Working data ::
-- Opening Marker --
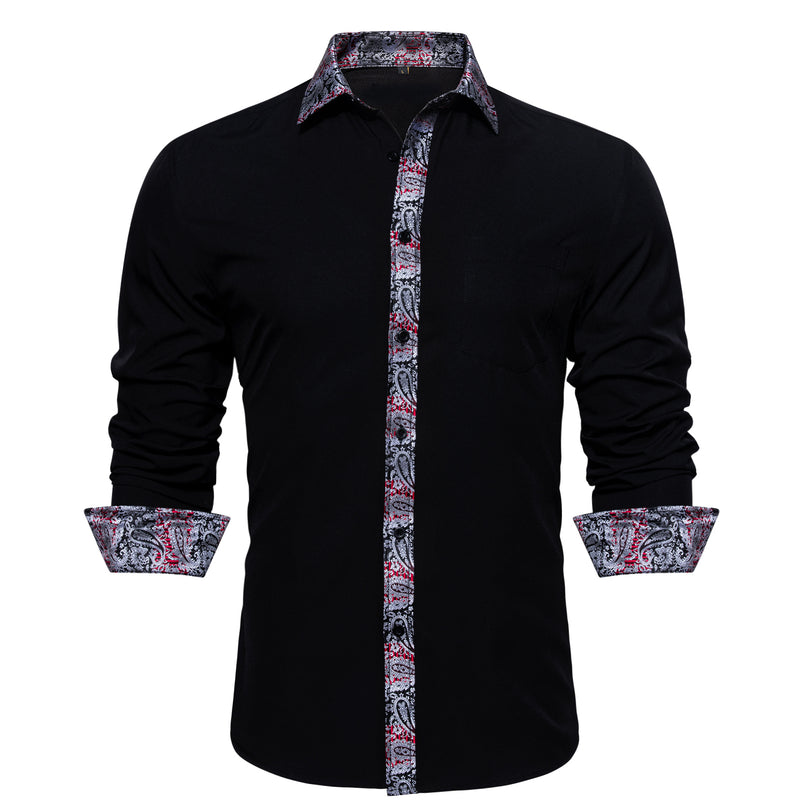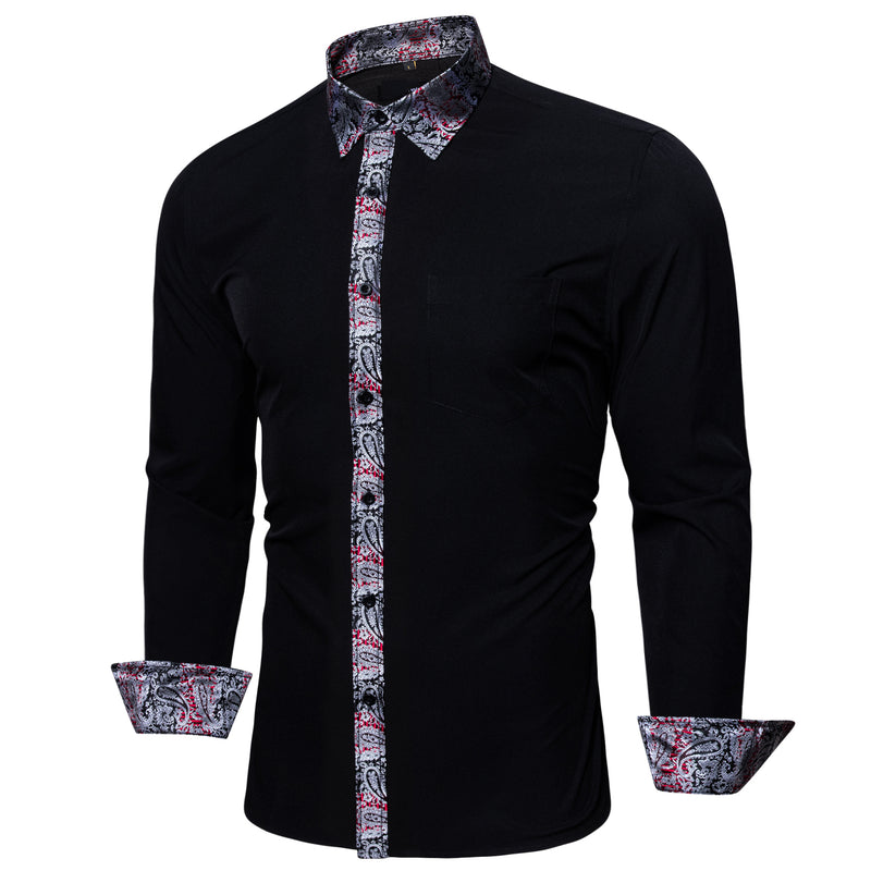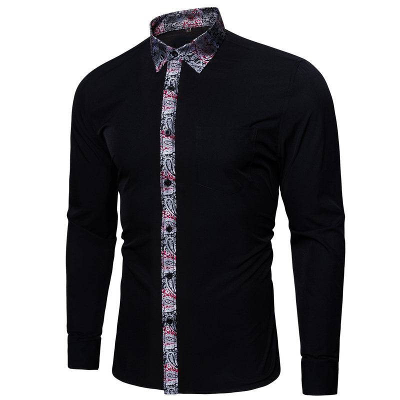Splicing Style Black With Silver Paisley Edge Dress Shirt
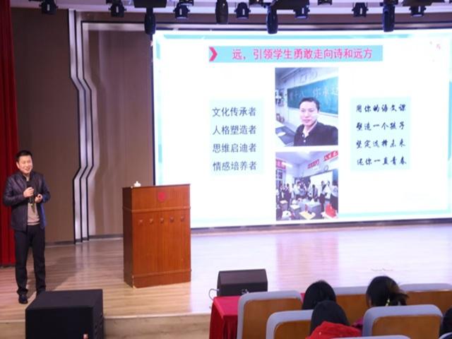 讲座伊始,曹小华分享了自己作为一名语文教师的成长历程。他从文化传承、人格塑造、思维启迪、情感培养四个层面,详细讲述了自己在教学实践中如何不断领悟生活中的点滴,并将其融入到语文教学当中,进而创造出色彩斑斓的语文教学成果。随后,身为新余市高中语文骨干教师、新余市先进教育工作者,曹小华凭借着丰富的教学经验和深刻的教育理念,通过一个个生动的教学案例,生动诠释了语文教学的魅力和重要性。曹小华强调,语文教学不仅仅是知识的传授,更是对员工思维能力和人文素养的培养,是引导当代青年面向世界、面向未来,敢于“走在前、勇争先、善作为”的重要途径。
-- Closing Marker --
-- Opening Marker --
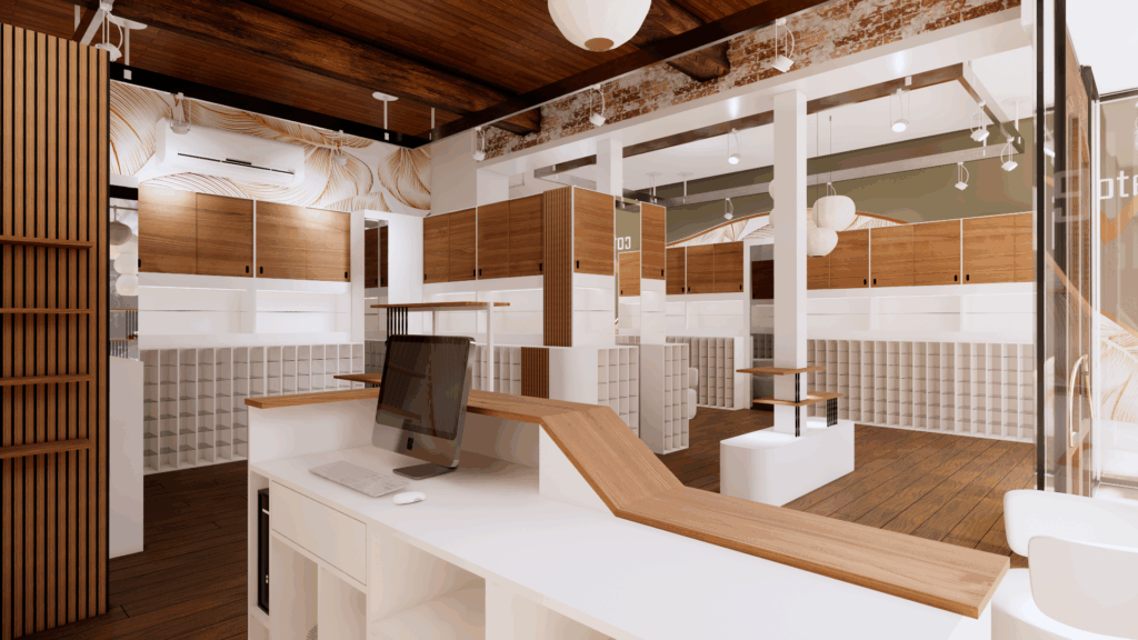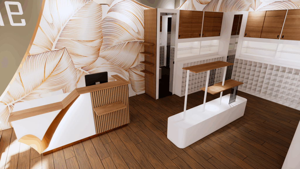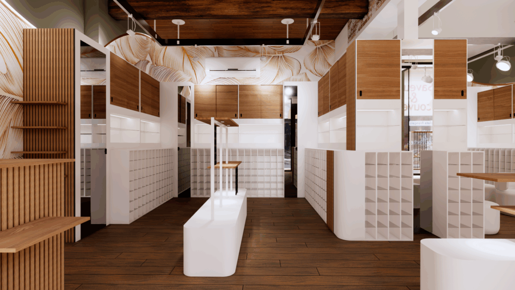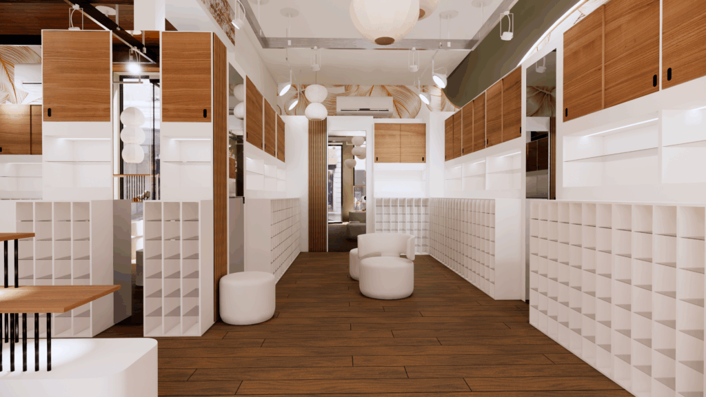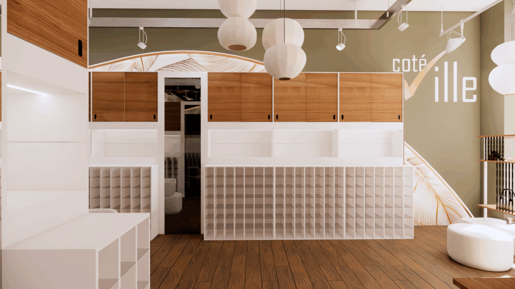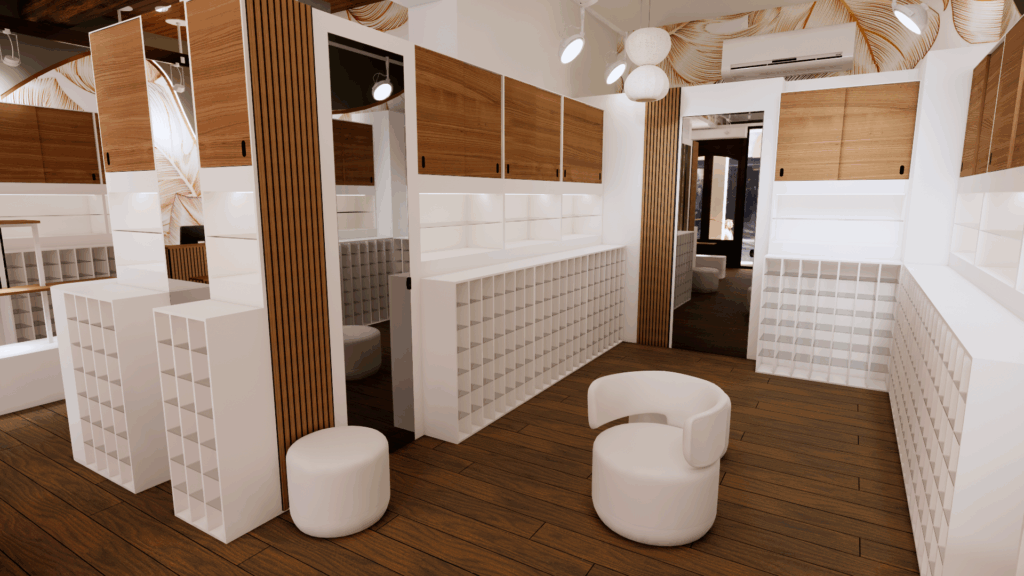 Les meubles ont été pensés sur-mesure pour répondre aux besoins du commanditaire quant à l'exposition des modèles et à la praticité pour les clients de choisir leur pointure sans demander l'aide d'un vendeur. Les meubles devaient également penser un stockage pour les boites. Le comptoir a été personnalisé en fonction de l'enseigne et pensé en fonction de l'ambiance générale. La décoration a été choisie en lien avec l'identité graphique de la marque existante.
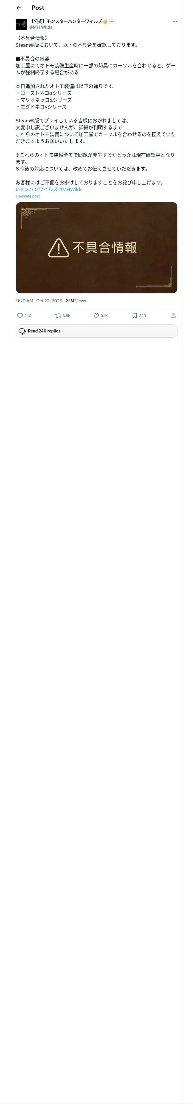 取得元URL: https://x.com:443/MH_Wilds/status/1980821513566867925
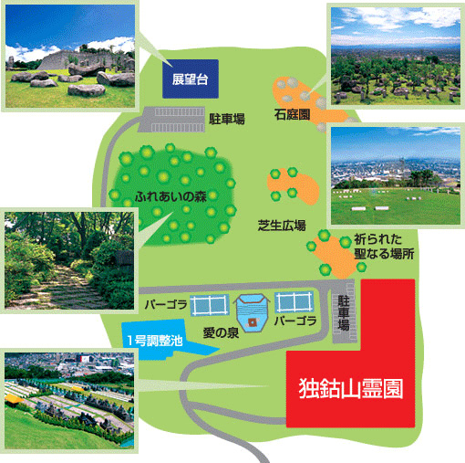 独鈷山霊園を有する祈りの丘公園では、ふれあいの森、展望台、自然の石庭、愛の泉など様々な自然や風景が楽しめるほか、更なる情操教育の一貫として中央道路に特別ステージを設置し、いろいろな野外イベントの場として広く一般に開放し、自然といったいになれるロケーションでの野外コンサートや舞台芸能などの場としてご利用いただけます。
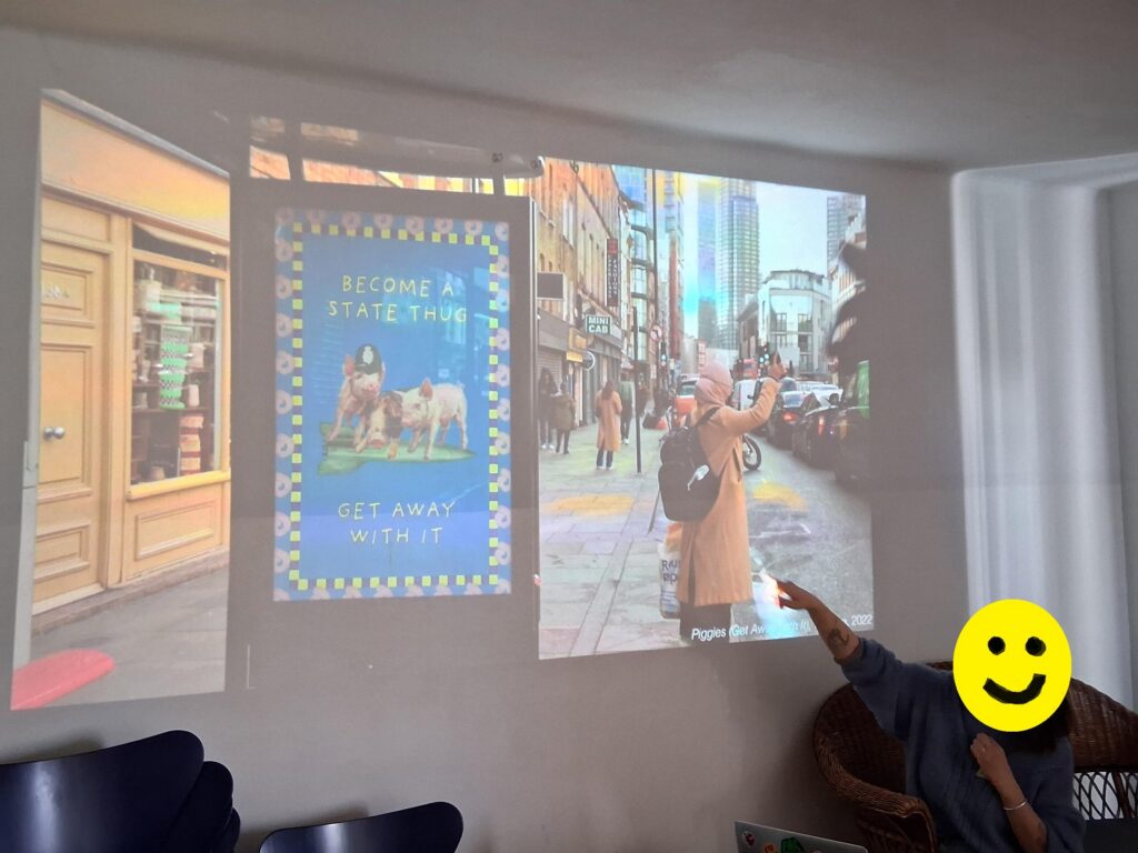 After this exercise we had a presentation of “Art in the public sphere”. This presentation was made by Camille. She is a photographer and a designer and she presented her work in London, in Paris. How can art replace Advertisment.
-- Closing Marker --
Work to be completed :: Give the lines above again exactly, from the one containing "Splicing Style Black" to the one containing "讲座伊始,曹小华分享了自己作", both included, but leave out the pictures.

Solution to this task ::
Splicing Style Black With Silver Paisley Edge Dress Shirt
 讲座伊始,曹小华分享了自己作为一名语文教师的成长历程。他从文化传承、人格塑造、思维启迪、情感培养四个层面,详细讲述了自己在教学实践中如何不断领悟生活中的点滴,并将其融入到语文教学当中,进而创造出色彩斑斓的语文教学成果。随后,身为新余市高中语文骨干教师、新余市先进教育工作者,曹小华凭借着丰富的教学经验和深刻的教育理念,通过一个个生动的教学案例,生动诠释了语文教学的魅力和重要性。曹小华强调,语文教学不仅仅是知识的传授,更是对员工思维能力和人文素养的培养,是引导当代青年面向世界、面向未来,敢于“走在前、勇争先、善作为”的重要途径。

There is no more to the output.